A word-for-word copy of the data is what's wanted; pictures stay out of it.

* [Dataset content]:
####

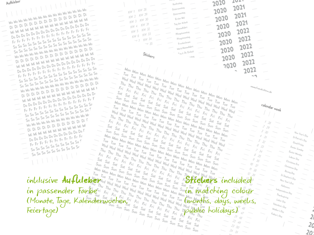 includes stickers in matching colour for weekdays, calendar weeks, public holidays, years
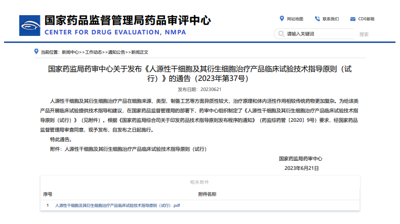 2023年6月21日,国家药品监督管理局药审中心组织制定了《人源性干细胞及其衍生细胞治疗产品临床试验技术指导原则(试行)》。
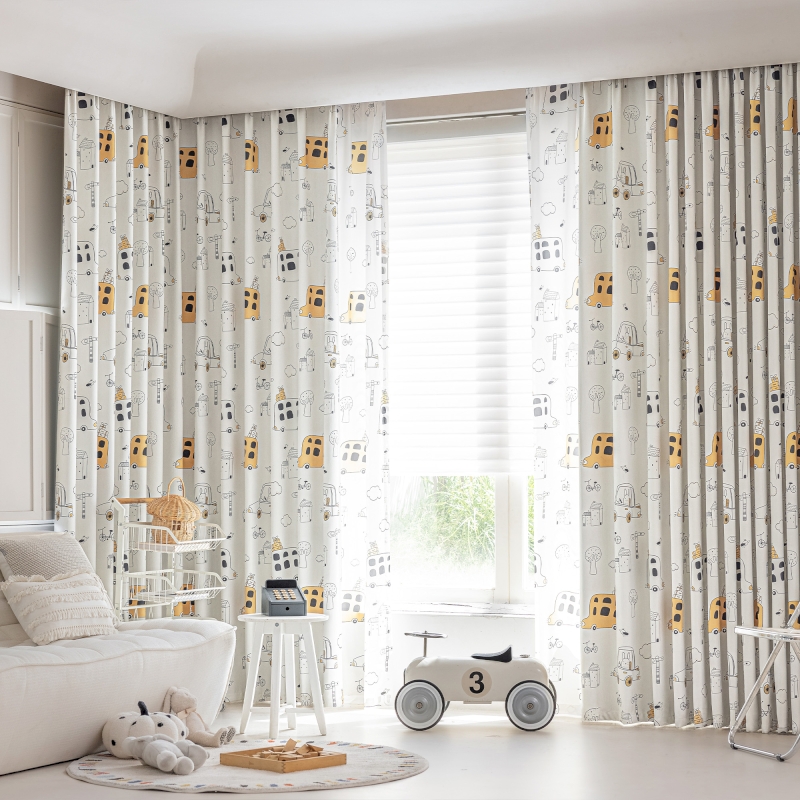 LUMICAR Custom-Made Children's Curtain, Printed Chenille Fabric, Happy Little Bus Pattern

####

* [Answer section]:
 includes stickers in matching colour for weekdays, calendar weeks, public holidays, years
 2023年6月21日,国家药品监督管理局药审中心组织制定了《人源性干细胞及其衍生细胞治疗产品临床试验技术指导原则(试行)》。
 LUMICAR Custom-Made Children's Curtain, Printed Chenille Fabric, Happy Little Bus Pattern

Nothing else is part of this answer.